An associate of football match-fixing suspect Tan Seet Eng has been detained at a Milan airport following a tip-off by Singapore authorities to Italian police.
Admir Sulic arrived at Milan's Malpensa Airport from Singapore on a 6am flight and was detained by police.
The suspected associate, who is not a Singapore national, was arriving on a flight from Singapore and would be detained at Milan airport.
A joint inquiry by Europol, the European anti-crime agency, and national prosecutors has identified about 680 suspicious matches, including qualifying games for the World Cup and European Championships, and for Europe's Champions League.
Italian prosecutors have accused Mr Tan, also known as Dan Tan, of heading an organisation to fix football matches worldwide and Italian police have issued an arrest warrant for him.
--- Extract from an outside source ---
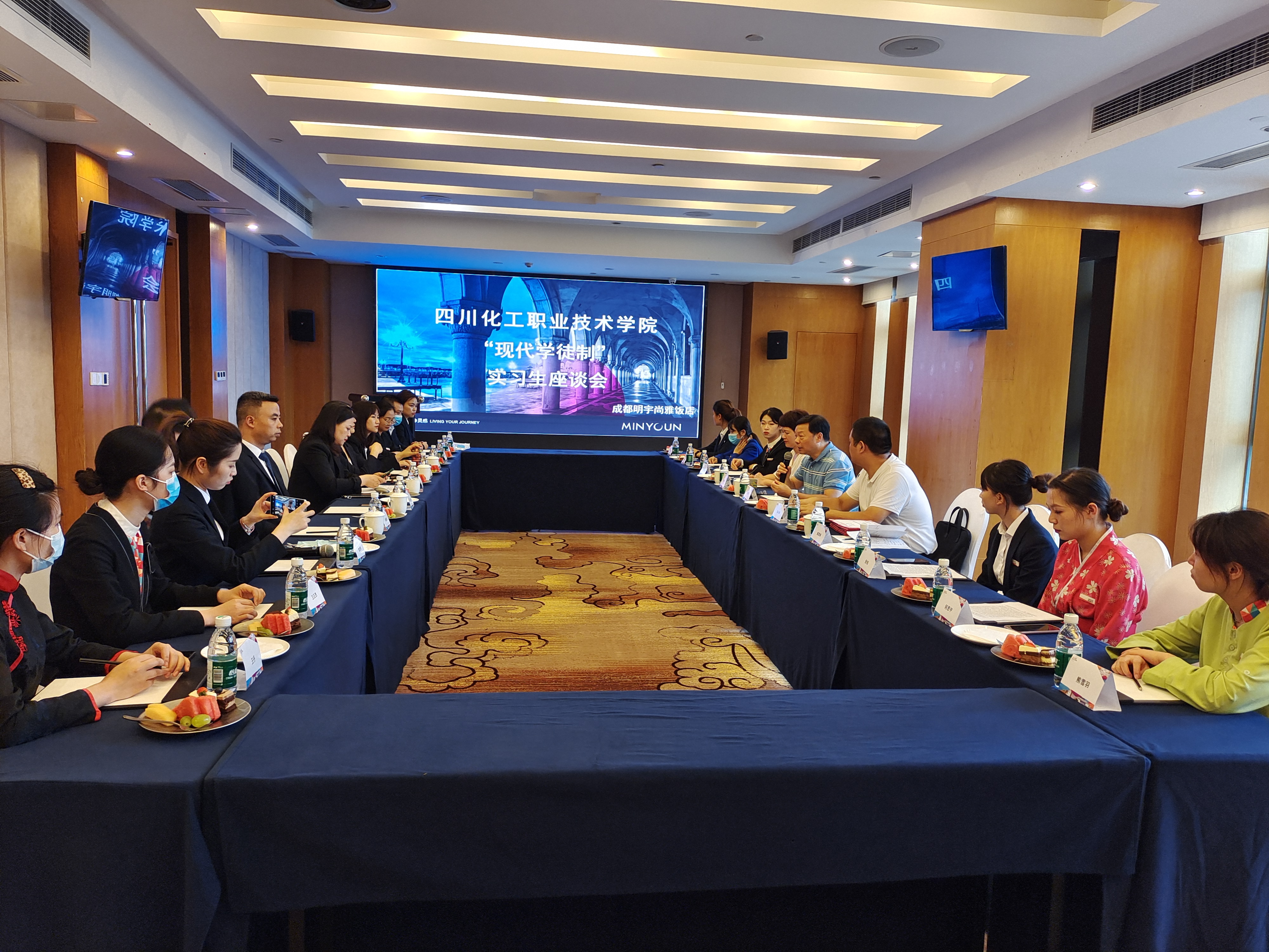 8月19日下午,2019级酒店管理与数字化运营专业现代学徒制成都明宇尚雅酒店实习生座谈会在明宇尚雅酒店举行。三名实习生代表分别发言,对一个多月的实习生活进行了阶段性总结,也谈到自己的收获和成长。明宇尚雅酒店总经理邓启芳期待继续加深与学校的现代学徒制双主体育人,竭尽全力让学生学有所成。王志斌副院长希望同学们在岗位工作中,精益求精,锐意进取,传承与创新并举,继续将“厚德、博学、广才、精业”的校训精神,镌刻在企业、镌刻在社会。

Interpol has declined to say if it has declared the Singapore national to be an internationally wanted person.
However, an Italian judicial source said Interpol had pooled together investigations launched by authorities in various countries, including Italy, Germany, Spain and Turkey.
Singapore says he is not wanted there, but that it is working with European authorities investigating the syndicate.
Singapore police said last week it was sending officers to Interpol to assist in the investigation and that the city-state remained "highly committed" in the fight against match-fixing.
The Interpol investigation has shone a spotlight on what experts say is rampant match-fixing in Asia, where lax regulation combined with a huge betting market have made football a prime target for crime syndicates.
Last year, the head of an anti-corruption watchdog estimated that $1 trillion was gambled on sport each year or $3 billion a day, with most coming from Asia and wagered on football matches.